The KMTI Hip Replacement System is indicated for patients suffering from:

1. Non-inflammatory degenerative joint disease including osteoarthritis and avascular necrosis;
2. Rheumatoid arthritis;
3. Correction of functional deformity;
4. Treatment of non-union, femoral neck fracture and trochanteric fractures of the proximal femur with head involvement, unmanageable using other techniques; and
5. Revision procedures where other treatment or devices have failed.

Qualifiers:
The KMTI A400 Hip System is intended for cementless applications unless used with the KMTI Cemented Hip Stem.
The KMTI Porous Coated Acetabular Shell System is intended for cementless applications. In addition, the KMTI Porous Coated Acetabular Shell and Universal liners can be used with the Kyocera Corporation ("KYOCERA") Initia Total Hip System femoral stem mated with KYOCERA CoCr (28-40mm) or BIOCERAM AZUL (28-40mm) femoral head.
The Cemented Hip Stem is intended for cemented applications.
The KMTI Tesera Trabecular Technology (T3) Acetabular Shell System is intended for cementless applications. In addition, the KMTI T3 Acetabular Shell and Universal liners can be used with the KYOCERA Initia femoral stem mated with KYOCERA CoCr (28-40mm) or BIOCERAM AZUL (28-40mm) femoral head.
The Bipolar Head is for use in conjunction with KMTI femoral heads and femoral stems. Bipolar outer heads are not for use with acetabular shells and liners.

The Renovis Surgical Hip Joint Replacement System (K112897) includes multiple subsystem offerings, including:
K132312: Renovis Tesera Trabecular Technologies (T3) Acetabular Shell System
K141676: Renovis Porous Acetabular Cup System
Renovis Surgical Technologies is now wholly owned by Kyocera International, Inc. (San Diego, CA) as Kyocera Medical Technologies, Inc. ("KMTI"). The subject of this Special 510k Premarket Notification are additional KMTI offerings which include the use of components of the K160895 Kyocera Medical Corporation, Japan Initia Total Hip System (now Kyocera Corporation, Japan; "KCJ") that may be used with the KMTI K132312 T3 acetabular shell, K141676 porous acetabular shell and KMTI universal acetabular liners.

The provided document is a 510(k) Premarket Notification from the FDA for a medical device (hip replacement system).
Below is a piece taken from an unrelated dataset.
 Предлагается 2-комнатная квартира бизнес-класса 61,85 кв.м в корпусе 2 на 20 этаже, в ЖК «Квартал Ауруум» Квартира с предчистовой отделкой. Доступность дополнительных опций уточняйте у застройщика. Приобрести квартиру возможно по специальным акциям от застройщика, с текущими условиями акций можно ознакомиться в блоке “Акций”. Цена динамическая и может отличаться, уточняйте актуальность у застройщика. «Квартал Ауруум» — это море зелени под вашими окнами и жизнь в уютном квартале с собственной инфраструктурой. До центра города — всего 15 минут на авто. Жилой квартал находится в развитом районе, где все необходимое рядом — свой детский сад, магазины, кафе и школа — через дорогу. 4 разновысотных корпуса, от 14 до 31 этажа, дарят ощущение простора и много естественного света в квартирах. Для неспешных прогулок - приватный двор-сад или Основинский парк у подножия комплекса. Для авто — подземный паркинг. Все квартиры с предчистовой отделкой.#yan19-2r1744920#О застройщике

This type of document is for demonstrating substantial equivalence to a predicate device, not for proving a device meets specific performance acceptance criteria through clinical studies or AI algorithm evaluations.

Therefore, this document does not contain the information required to answer the questions about acceptance criteria, device performance, sample sizes, expert qualifications, adjudication methods, MRMC studies, standalone algorithm performance, or ground truth establishment.
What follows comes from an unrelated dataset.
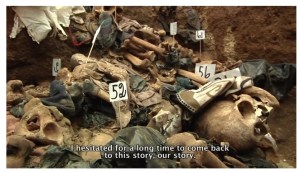 still from film, “The Echo of Pain of the Many” – exhumations of mass graves

The document primarily focuses on:

• Device Name: Kyocera Medical Technologies, Inc. (KMTI) Hip Replacement System, including the Tesera Trabecular Technologies (T3) Acetabular Shell System and Porous Acetabular Cup System.
• Regulatory Information: Class II device, regulation number, product codes, and predicates.
• Indications for Use: Specifies the conditions for which the hip replacement system is intended.
• Substantial Equivalence: States that there are no changes in intended use, implant materials, manufacturing, packaging, or sterilization, and that the equivalence of certain components has been demonstrated.
• Compliance: Mentions assessment under Design Controls and compliance with ISO and ASTM standards for mechanical testing.
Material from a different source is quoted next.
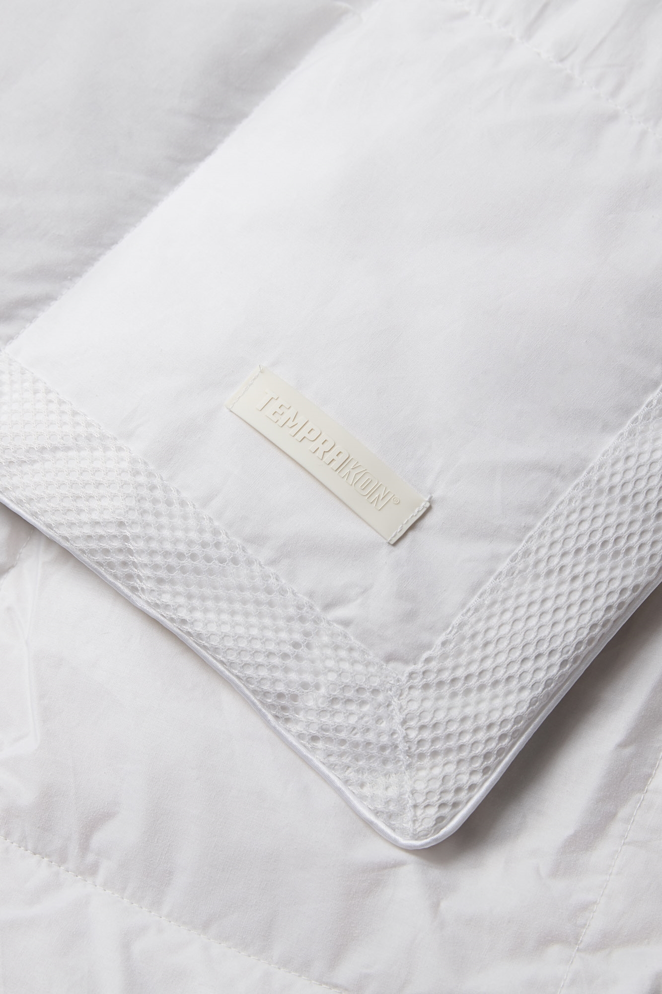 Forside » Top og rullemadrasser » Rullemadrasser Temperatur regulerende Rullemadras - 180x210 cm - Downtopper Temprakon Zone Spar30% Temprakon 3.549,952.499,95DKKSpar 1.050,- Gratis fragt på denne varePå lager Trustpilot Vælg størrelse Vælg variant Antal Læg i kurv Se mere fra: Temprakon Artikelnummer: 1010405 Læs vores rullemadras guide Se vores store udvalg af ekstra lange lagner Se vores udvalg af topmadrasser Har du spørgsmål til produktet? Størrelse: 180x210 cm.Materiale: 60% hvide dun 40% småfjer (naturfyld)Temprakon Zone Downtopper Størrelse: 180x210 cm Højde: ca. 2 cm. Fyldvægt: 1050g Fyldmateriale: 60% hvide dun 40% småfjer (naturfyld) Betræk: 100% Bomuld Elastik: Ja Type: Rullemadras med temperatur regulerende lag Konstruktion: Kassettesyet Vask: 60 grader - Vigtigt at anvende enzymfrit vaskemiddel Certificering: STANDARD 100 by OEKO-TEX® (1176-194) Certificering: NOMITE Certificering: Down PASS Certificering: FRESH Certificed space technology Certificering: Space certificeret Se lagner i samme størrelse Rullemadras / Downtopper bruges til at lægge oven på din eksisterende topmadras, og derved opnår du en suveræn temperaturregulering. Når du lægger dig på rullemadrassen, føles den umiddelbar kold, men efterhånden som den optager din varme, begynder den at regulere din temperatur, så du bliver sval, når du er varm, og lun når du er kold. En super lækker rullemadras med aktiv temperaturregulering. Rullemadrassen er udstyret med praktiske elastikker i hjørnerne, således at rullemadrassen forbliver liggende fast på din topmadras. Formålet med en rullemadras er, at skåne din madras og/eller topmadras mod fugt, snavs og bakterier, derfor kaldes en rullemadras oftest også for en madrasbeskytter eller skånemadras. Når du anvender en rullemadras er du derfor med til at forlænge levetiden på din seng eller topmadras, samtidig med at du opnår et sundere sovemiljø. Rullemadrassen kan krympe efter vask (5-9%), det er derfor vigtigt, at strække ud i rullemadrassen under tørring. Temprakon Zone Duntopper - Downtopper er en vaskbar rullemadras - Perfekt til dig der ønsker at regulere sengens temperatur. Kombineret med Temprakon dyner og puder skabes den perfekte klimazone til en god nats søvn. Tilbage til Rullemadrasser

There is no mention of AI, software algorithms, or clinical studies that would involve establishing ground truth with experts, performing multi-reader multi-case studies, or evaluating standalone algorithm performance. The "performance" discussed in this document refers to the mechanical and biological performance of the implant, typically evaluated through bench testing and material analyses to ensure safety and effectiveness, rather than a diagnostic or predictive AI algorithm's performance.